Records supplied:
◆ ◆ ◆ ◆ ◆

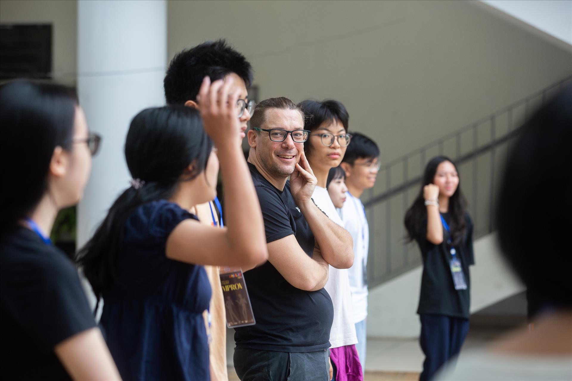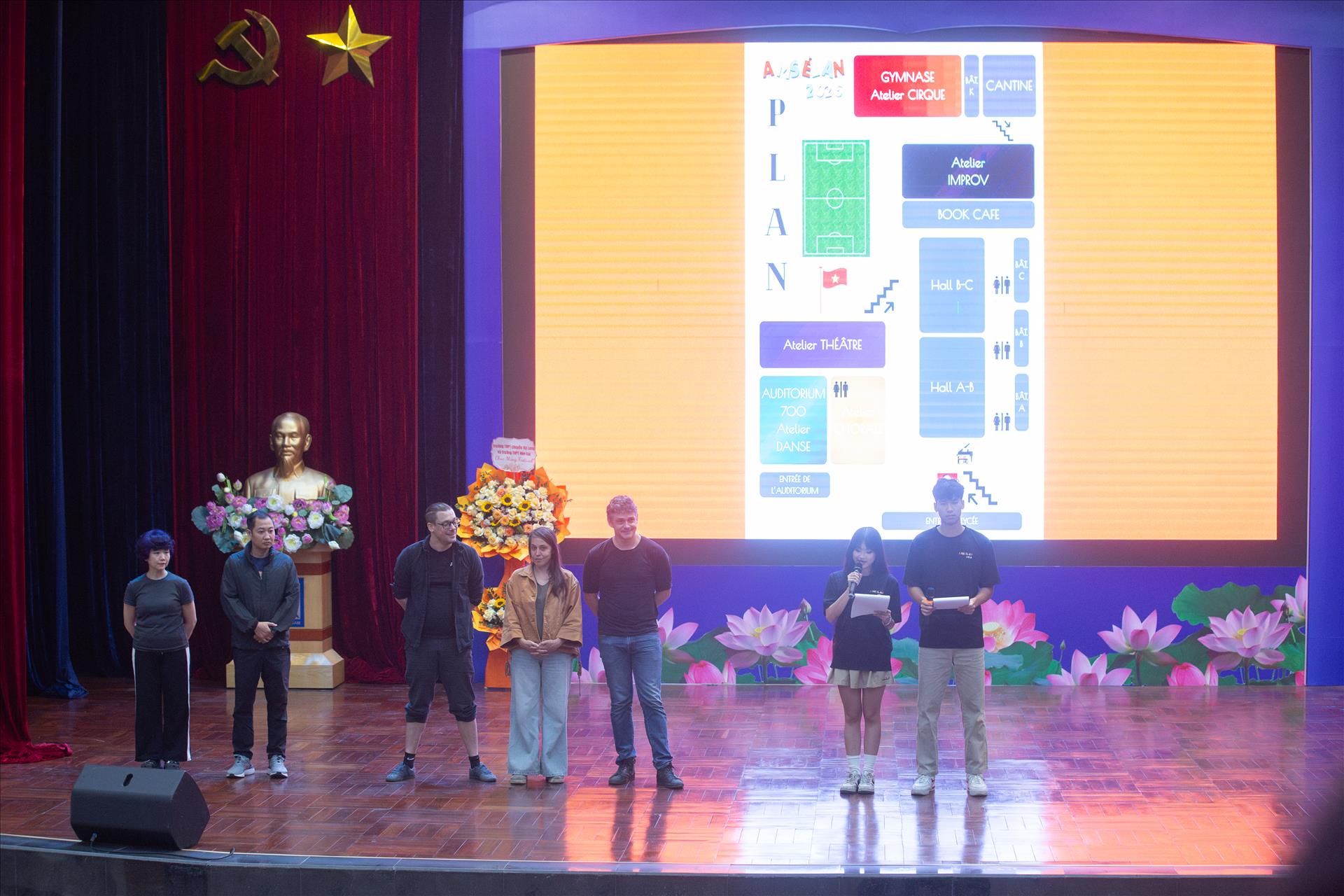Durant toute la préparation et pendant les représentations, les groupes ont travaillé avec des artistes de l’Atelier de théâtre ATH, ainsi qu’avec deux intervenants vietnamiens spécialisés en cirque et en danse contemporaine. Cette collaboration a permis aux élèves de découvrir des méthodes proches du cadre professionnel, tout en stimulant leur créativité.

◆ ◆ ◆ ◆ ◆

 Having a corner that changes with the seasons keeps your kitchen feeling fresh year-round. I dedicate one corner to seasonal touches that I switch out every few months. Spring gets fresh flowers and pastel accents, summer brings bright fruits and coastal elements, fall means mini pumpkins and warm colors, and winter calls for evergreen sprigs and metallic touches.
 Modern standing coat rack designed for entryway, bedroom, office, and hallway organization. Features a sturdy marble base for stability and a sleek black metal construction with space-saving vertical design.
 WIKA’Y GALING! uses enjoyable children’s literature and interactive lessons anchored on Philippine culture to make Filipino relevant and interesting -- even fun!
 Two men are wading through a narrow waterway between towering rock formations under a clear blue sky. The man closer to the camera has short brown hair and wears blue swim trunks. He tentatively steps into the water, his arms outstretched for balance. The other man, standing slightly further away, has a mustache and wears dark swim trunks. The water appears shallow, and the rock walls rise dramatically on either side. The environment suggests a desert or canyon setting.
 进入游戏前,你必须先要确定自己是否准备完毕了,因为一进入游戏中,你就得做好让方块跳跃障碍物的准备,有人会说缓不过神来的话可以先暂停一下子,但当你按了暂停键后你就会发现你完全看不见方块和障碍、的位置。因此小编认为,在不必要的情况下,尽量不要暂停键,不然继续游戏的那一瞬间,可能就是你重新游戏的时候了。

◆ ◆ ◆ ◆ ◆

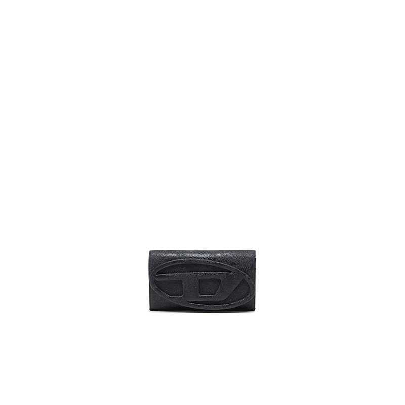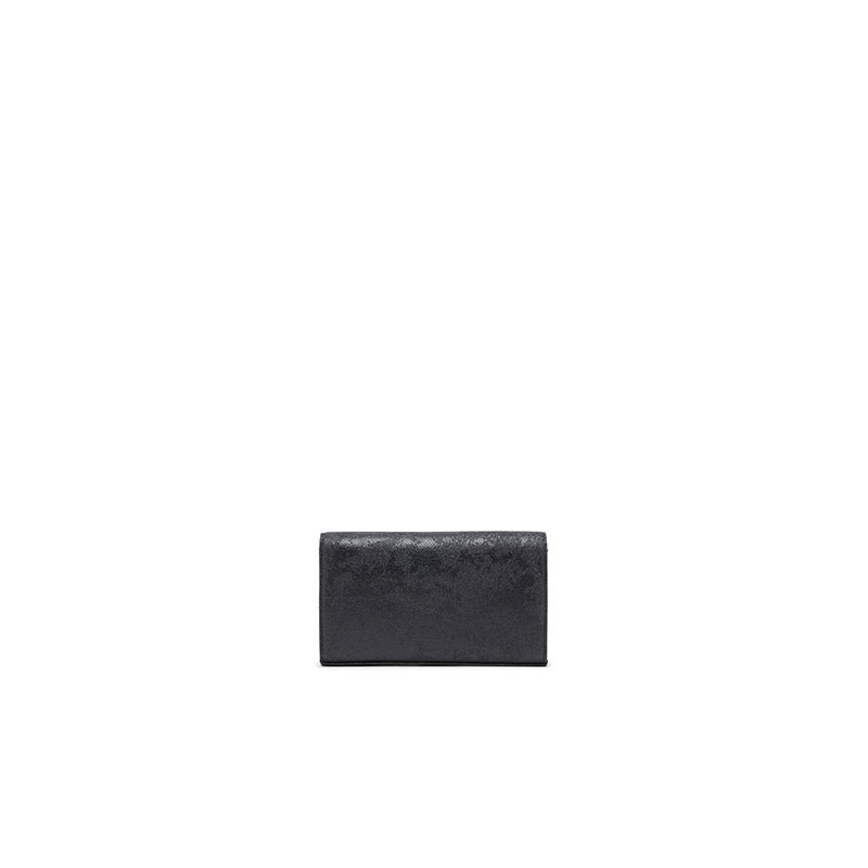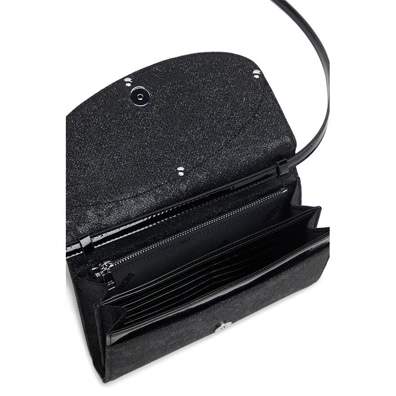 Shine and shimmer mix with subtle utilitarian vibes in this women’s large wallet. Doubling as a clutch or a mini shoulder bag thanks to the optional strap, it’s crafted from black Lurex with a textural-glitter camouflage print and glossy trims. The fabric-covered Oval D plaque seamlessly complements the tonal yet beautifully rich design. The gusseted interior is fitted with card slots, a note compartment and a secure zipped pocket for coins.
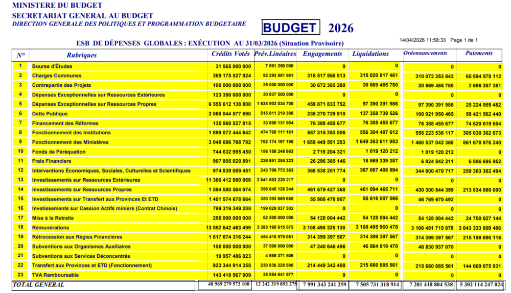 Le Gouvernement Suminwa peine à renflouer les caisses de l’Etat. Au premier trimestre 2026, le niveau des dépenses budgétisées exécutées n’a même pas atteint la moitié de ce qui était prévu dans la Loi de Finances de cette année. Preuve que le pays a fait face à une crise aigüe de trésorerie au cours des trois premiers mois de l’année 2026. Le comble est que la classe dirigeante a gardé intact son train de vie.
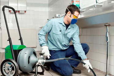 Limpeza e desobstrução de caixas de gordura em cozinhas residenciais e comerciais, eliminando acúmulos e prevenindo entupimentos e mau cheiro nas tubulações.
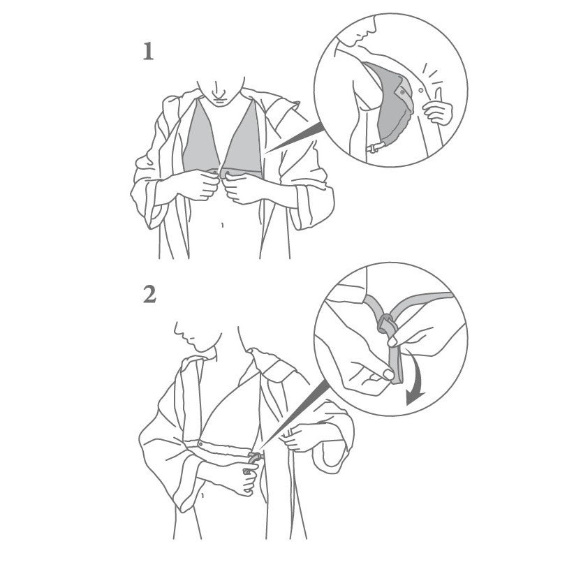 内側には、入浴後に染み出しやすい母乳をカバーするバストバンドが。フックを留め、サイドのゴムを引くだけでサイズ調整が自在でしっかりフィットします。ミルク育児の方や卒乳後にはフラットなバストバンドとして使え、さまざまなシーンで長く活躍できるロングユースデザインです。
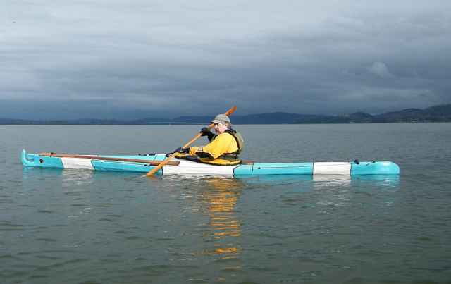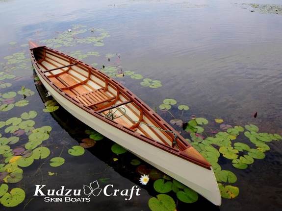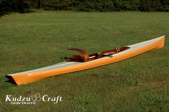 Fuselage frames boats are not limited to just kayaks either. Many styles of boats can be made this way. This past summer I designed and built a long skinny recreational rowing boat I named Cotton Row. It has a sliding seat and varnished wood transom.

◆ ◆ ◆ ◆ ◆

Task prompt: In the entries above, one line contains "Having a corner" and another contains "WIKA’Y GALING! uses". Reproduce exactly those two lines and the lines between them, nothing else.

Answer to this exercise:
 Having a corner that changes with the seasons keeps your kitchen feeling fresh year-round. I dedicate one corner to seasonal touches that I switch out every few months. Spring gets fresh flowers and pastel accents, summer brings bright fruits and coastal elements, fall means mini pumpkins and warm colors, and winter calls for evergreen sprigs and metallic touches.
 Modern standing coat rack designed for entryway, bedroom, office, and hallway organization. Features a sturdy marble base for stability and a sleek black metal construction with space-saving vertical design.
 WIKA’Y GALING! uses enjoyable children’s literature and interactive lessons anchored on Philippine culture to make Filipino relevant and interesting -- even fun!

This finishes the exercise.